Bash Experiment, Encryption & Extra cmd inputs

24 Apr 14:59
Compare
Choose a tag to compare
Added
  • Allows multi-config + multi-seed bash experiments. The user needs to take care of the input arguments (-exp_dir, -config_fname, -seed_id) themselves and within the bash script. We provide a minimal example of how to do so in examples/bash_configs.
  • Adds backend functions for monitor_slurm_cluster and local version to get resource utilisation.
  • Adds SHA-256 encryption/decryption of ssh credentials. Also part of initialization setup.
  • Adds extra_cmd_line_inputs to single_job_args so that you can add a static input via the command line. This will also be incorporated in the MLExperiment as extra_config dotmap dictionary.
Changed
  • Changes plots of monitored resource utilisation to plotext to avoid gnuplot dependency.
  • Changes logger interface: Now one has to provide dictionaries as inputs to update_log. This is supposed to make the logging more robust.
  • Changes template files and refactor/name files in utils subdirectory:
    • core_experiment: Includes helpers used in (almost) every experiment
    • core_files_load: Helpers used to load various core components (configs)
    • core_files_merge: Helpers used to merge meta-logs
    • helpers: Random small functionalities (not crucial)
  • Renames hyperopt subdirectory: hyperopt_<type>, hyperspace, hyperlogger
  • Changes the naming of the config from cc to mle_config for easy readability.
  • Changes the naming of files to be more intuitive: E.g. abc_1_def.py, abc_2_def.py are changed to abc_def_1.py, abc_def_2.py
Fixed
  • Fixed local launch of remote projects via screen session and pipping to qrsh or srun --pty bash. If you are on a local machine and run mle run, you will get to choose the remote resource and can later reattach to that resource.
  • Fixed 2D plot with fixed_params. The naming as well as subtitle of the .png files/plots accounts for the fixed parameter.

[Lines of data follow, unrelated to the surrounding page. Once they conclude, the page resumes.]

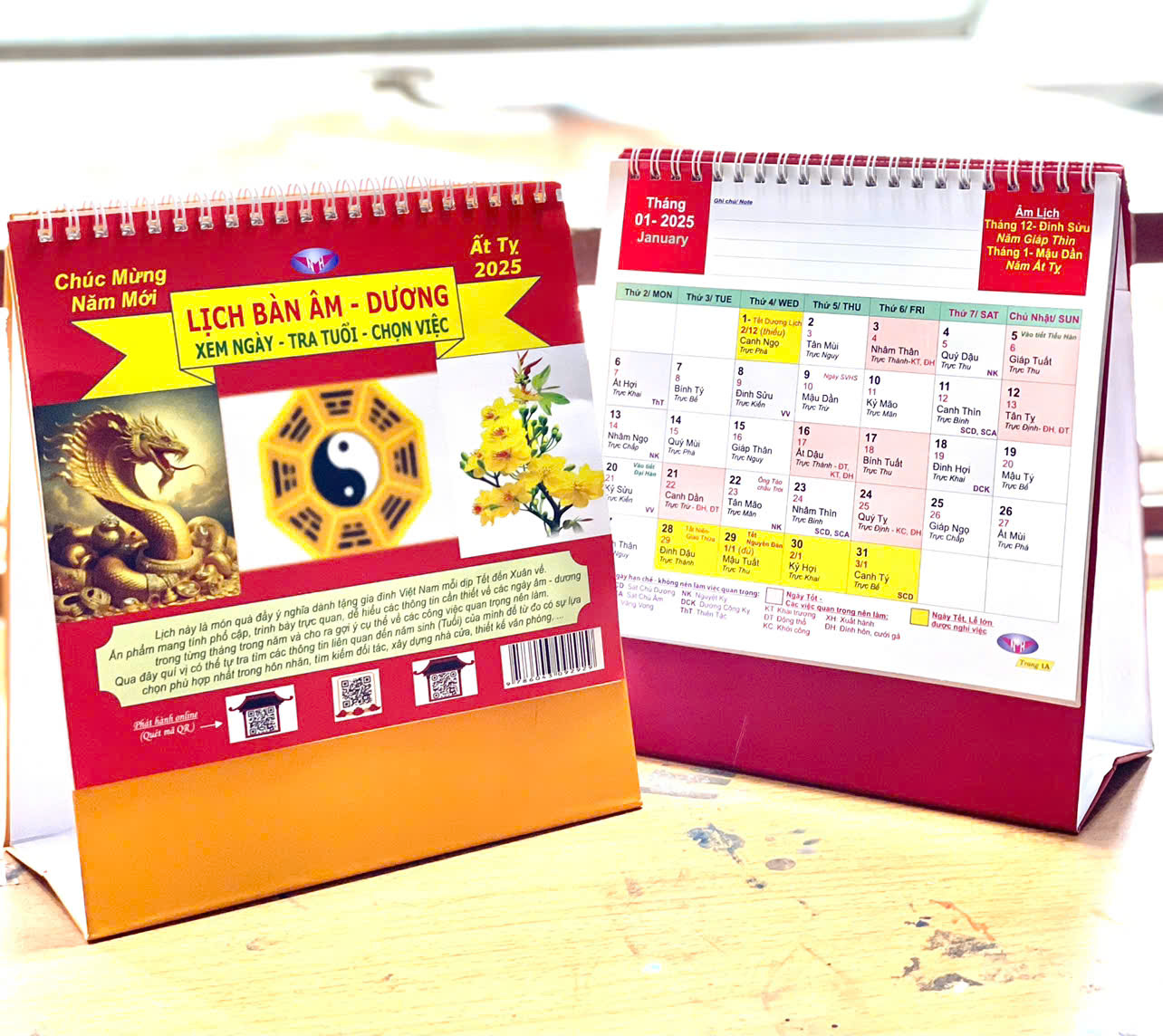Lịch bàn khổ 19x17 (cm), gồm 26 trang (in 2 mặt) có đầy đủ thông tin về ngày âm - dương , giúp chọn được ngày tốt, hạn chế ngày xấu, ...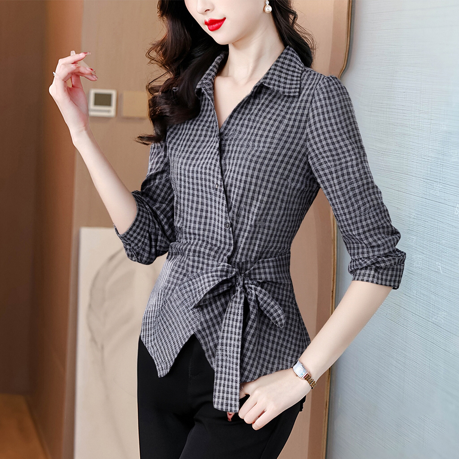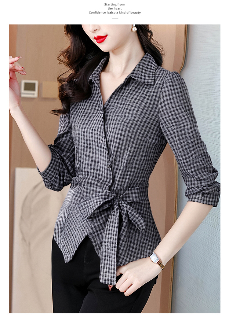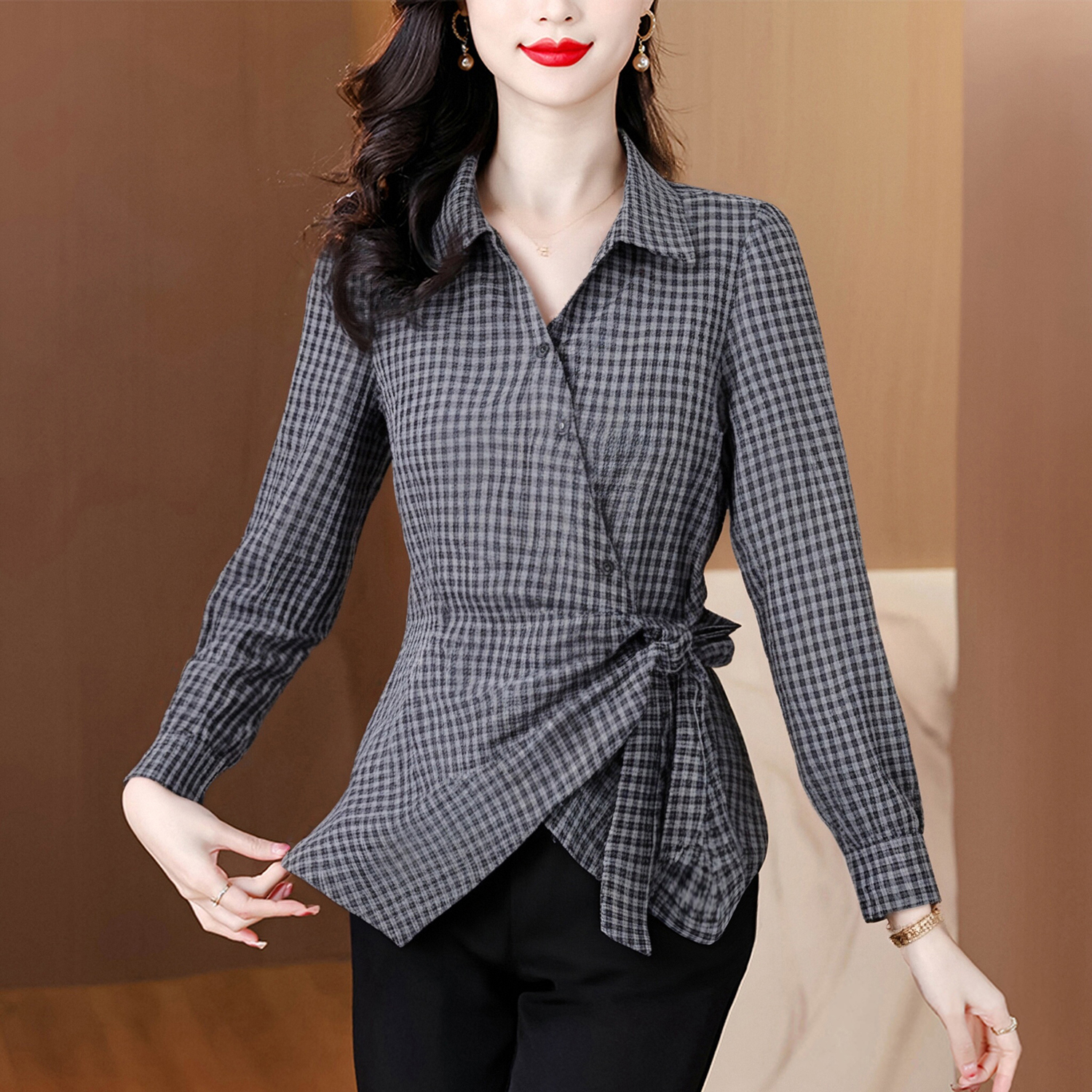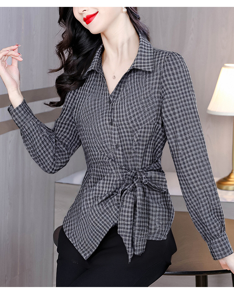 MY13592# 新款法式设计感绑带收腰不规则衬衫小众上衣女女裝貨源服裝批發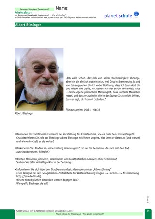 III. „Gott rettet alle“ (Arbeitsblatt 4) thematisiert die sogenannte „Allversöhnung“, mit der Albert Biesinger durchaus im Trend aufgeschlossener Theologie liegt. Das wirkt den Klischees von Himmel und Hölle im Christentum entgegen, an denen der Reporter offensichtlich gerne festhält. Doch bleibt die seit Origenes († 253) diskutierte Auffassung in konservativen Kreisen unter Häresie-Verdacht und löst auch nicht alle theologisch-fachlichen Probleme.

`mle init`, `MLE_Experiment` & refactoring

09 Apr 17:56
58bd27c
Compare
Choose a tag to compare
  • Adds mle init to configure template toml. The command first searches for an existing config to update. If none is found we go through the process of updating values in a default config.
  • Print configuration and protocol summary with rich. This gets rid of tabulate dependency.
  • Update monitor_slurm_cluster to work with new mle monitor. This gets rid of colorclass, terminaltables dependencies.
  • Fix report generation bug (everything has to be a string for markdown-ification!).
  • Fix monitor bug: No longer reload the local database at each update call.
  • Adds get_jax_os_ready helper for setting up JAX environment variables.
  • Adds load_model_ckpt for smooth reloading of stored checkpoints.
  • Add MLE_Experiment abstraction for minimal imports and smooth workflow.
  • A lot of internal refactoring: E.g. getting rid of multi_runner sub directory.